AIM OF THE EXERCISE: Below are the records; pull every line that includes "SitCen".

EXERCISE MATERIAL:
Segment Open

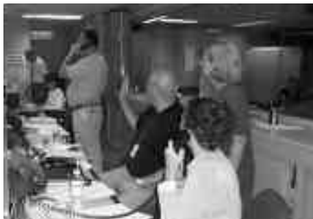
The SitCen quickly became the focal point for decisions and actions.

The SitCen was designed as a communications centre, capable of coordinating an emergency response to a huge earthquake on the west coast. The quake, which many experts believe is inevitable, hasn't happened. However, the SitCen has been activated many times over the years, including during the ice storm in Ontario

Segment Closed
Segment Open

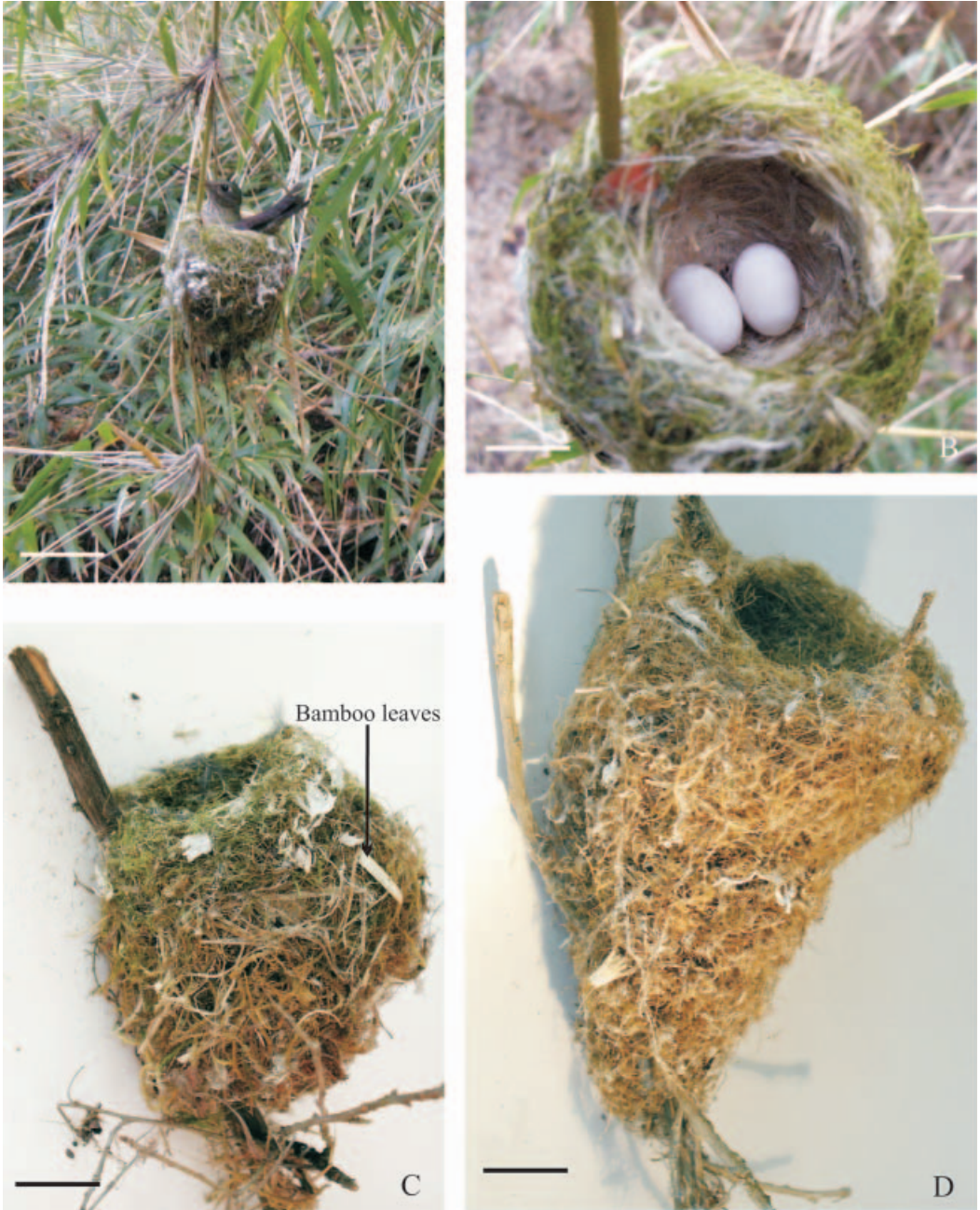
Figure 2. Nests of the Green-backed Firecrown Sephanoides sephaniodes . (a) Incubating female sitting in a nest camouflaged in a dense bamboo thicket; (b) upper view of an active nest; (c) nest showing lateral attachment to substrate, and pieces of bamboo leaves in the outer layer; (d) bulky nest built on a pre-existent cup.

Segment Closed
Segment Open

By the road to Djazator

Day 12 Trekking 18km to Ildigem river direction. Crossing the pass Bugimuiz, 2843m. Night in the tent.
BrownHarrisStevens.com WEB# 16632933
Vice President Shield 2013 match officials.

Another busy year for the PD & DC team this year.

Segment Closed

OUTPUT FOR THIS EXERCISE:
The SitCen quickly became the focal point for decisions and actions.
The SitCen was designed as a communications centre, capable of coordinating an emergency response to a huge earthquake on the west coast. The quake, which many experts believe is inevitable, hasn't happened. However, the SitCen has been activated many times over the years, including during the ice storm in Ontario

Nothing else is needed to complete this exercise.